The more details you can check the online getting started guide pointed by Intel OpenCL SDK. Like how to check what kind of OpenCL devices your current platform supports and the links for the OpenCL Release notes, Developer Guide, Code Samples etc.

Once you created the Visual Studio project by using the new wizard, focus on OpenCL kernel codes and the data how you plan to feed into the kernel codes. The initial sample codes the wizard UI helps create are to demonstrate using GPU to assign the result of “Add” operation on two buffers A, B into a buffer C. Most of the host codes of this sample can be reused in testing your own OpenCL kernel development.

Let’s check what other tools provided by Intel SDK for OpenCL. In general, it provides OpenCL kernel debug session, OpenCL Application analysis, OpenCL API Debugger.

A simple image scaling OpenCL kernel using Sampler hardware.

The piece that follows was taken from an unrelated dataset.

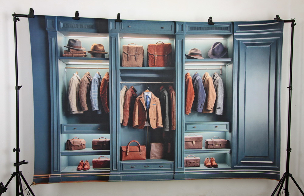 На изображении представлен встроенный шкаф тёмно-синего цвета с тремя секциями. В верхней части левой секции расположены две шляпы, лежащие на стопке ткани или одежды, и еще одна шляпа рядом с ними. Ниже висит несколько курток разных цветов и текстур. На следующей полке расположены две коричневые кожаные сумки. Внизу на полке стоят коричневые кожаные туфли и небольшая сумка.

Here we introduce an OpenCL kernel implements image scaling functionality by using GPU’s sampler. OpenCL kernel codes implementation is listed below

const sampler_t sampler = CLK_NORMALIZED_COORDS_TRUE | CLK_ADDRESS_CLAMP | CLK_FILTER_LINEAR;
__kernel void image_scaling(__read_only image2d_t sourceImage,
                            __write_only image2d_t destinationImage,
                            const float widthNormScalar,
                            const float heightNormScalar)
{
    int2 coordinate = (int2)(get_global_id(0), get_global_id(1));
    float2 normalizedCoordinate = convert_float2(coordinate) * (float2)(widthNormScalar, heightNormScalar);
    float4 pixel = read_imagef(sourceImage, sampler, normalizedCoordinate);
    write_imagef(destinationImage, coordinate, pixel);
}

CLK_FILTER_LINEAR uses bilinear interpolation from sampler hardware therefore the operation will be more efficient than the implementation on general purpose processor.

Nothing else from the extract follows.